The Unemployable Anti-Terrorist

Despite vindication, Ed Norris remains locked out of the fight – at what cost?

On a balmy December Sunday afternoon in Tampa, Ed Norris, former Baltimore police commissioner, is flying back to charm city after witnessing the Buccaneers 23-20 loss to the vastly improved Detroit Lions.  As he places his carry-on onto the conveyor belt to get through security, a TSA employee, an older man, asks him if he's willing to walk into the open-ended stainless steel cylinder, raise his arms in surrender, and submit to a full-body scan.  Norris knows it'll delay him but he refuses.  "I'm not breakin' your balls. I was on the job for over 20 years," Norris tells the man, "I won't do the scan."  After the pat down and crotch rub, the TSA clears him.

He stops to eat at Sam Snead's Tavern. The waitress brings a five-inch serrated steak knife with his dinner.  He shakes his head. This is crazy.  I just went through security and now I'm given a knife.  I could slip it into my carry-on and take it as a weapon onto the plane.  So what are we doin'? Are we takin' this seriously or are we puttin' on theatre for people? The TSA's a colossal waste of money; al-Queda's probably through with aviation.  They could just go to a Wal-Mart, buy ten rifles and open up on school yards around America.  It'd shut the country down.
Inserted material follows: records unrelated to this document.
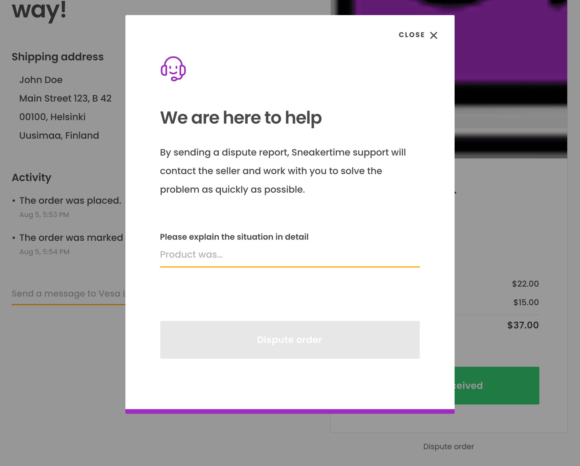 On TransactionPage (the page opened by clicking inbox items), the shipping address or pickup address is shown to both parties of the transaction. The provider has 2 weeks to mark the item shipped (transition/mark-delivered) or the automatic expiration happens (transition/auto-cancel) and the customer is refunded. If needed, the customer can dispute the order from the "Delivered" state.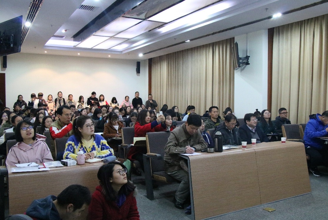 讲座临近尾声,袁盛勇教授再次对高远东教授表示欢迎和感谢,对他的学术观点给予了高度评价和认同,接着现场赋诗一首,表达了对高先生学术研究新意的敬佩之情,诗云:“北大才情心亦高,上林苑里谈树人。立冬问学何须远,拥书自雄无西东。”(藏尾即为:“高人远东”)最后,田刚教授对整场讲座进行了点评,认为高远东教授的讲座对当代鲁迅研究具有很大的启发作用,是我们理解鲁迅早期思想的重要途径,也是推动鲁迅研究在建立东亚文明进程中的思想参考价值和滋养作用。讲座在热烈的掌声中圆满结束。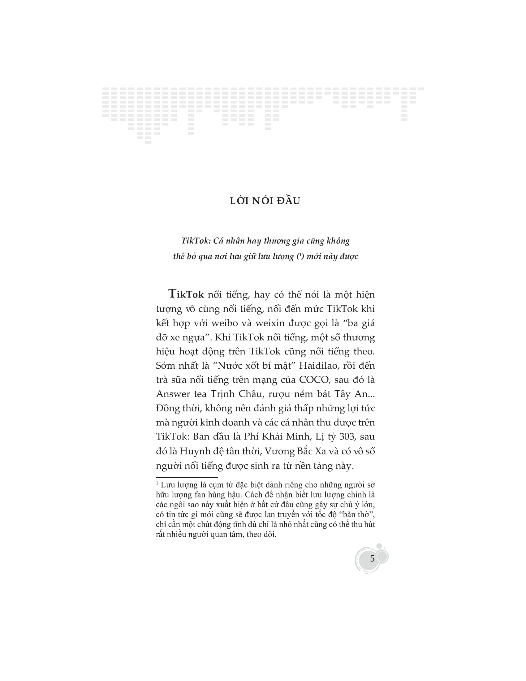 Xét từ góc độ thay đổi và sức mua của fan, chất lượng lưu lượng của TikTok là cao nhất và cũng phù hợp với hoạt động quảng cáo nhất. Hiện nay, lợi tức của TikTok đang ở giai đoạn tăng trong hình chữ U ngược, nếu muốn thu được nhiều lợi tức thì phải nắm bắt được. Vậy sử dụng TikTok như thế nào mới thu hút được nhiều lượng truy cập hơn? “Hướng dẫn kiếm tiền trên TikTok” sẽ giải quyết vấn đề đó. Cuốn sách này đề cập đến mọi khía cạnh việc làm TikTok bao gồm xác định vị trí, content, video, thu hút fan, phát triển, ma trận, lặp lại và kiếm tiền, với những ví dụ đầy đủ, bắt đầu từ khái niệm TikTok đến kỹ xảo thao tác thực tế.

On weekdays, Norris spends his mornings under headphones anchored to the console of one of the tomb-like studios of 105.7-FM The Fan.  He's 50 years old and stands only 5'9", but his shaved head and bulky mass, squeezed within a compact frame creates an intimidating impression.

The Fan is a sports talk radio station. Norris and his on-air partner Steve Davis discuss the Ravens, the Orioles and, at least every other day, the latest DUI or positive drug test or domestic violence charge or strip club incident arising in the life of a well-known athlete.  As a morning drive-time show, they often stick in segments that inject levity for listeners hurtling along the beltway.  Today is man card Tuesday.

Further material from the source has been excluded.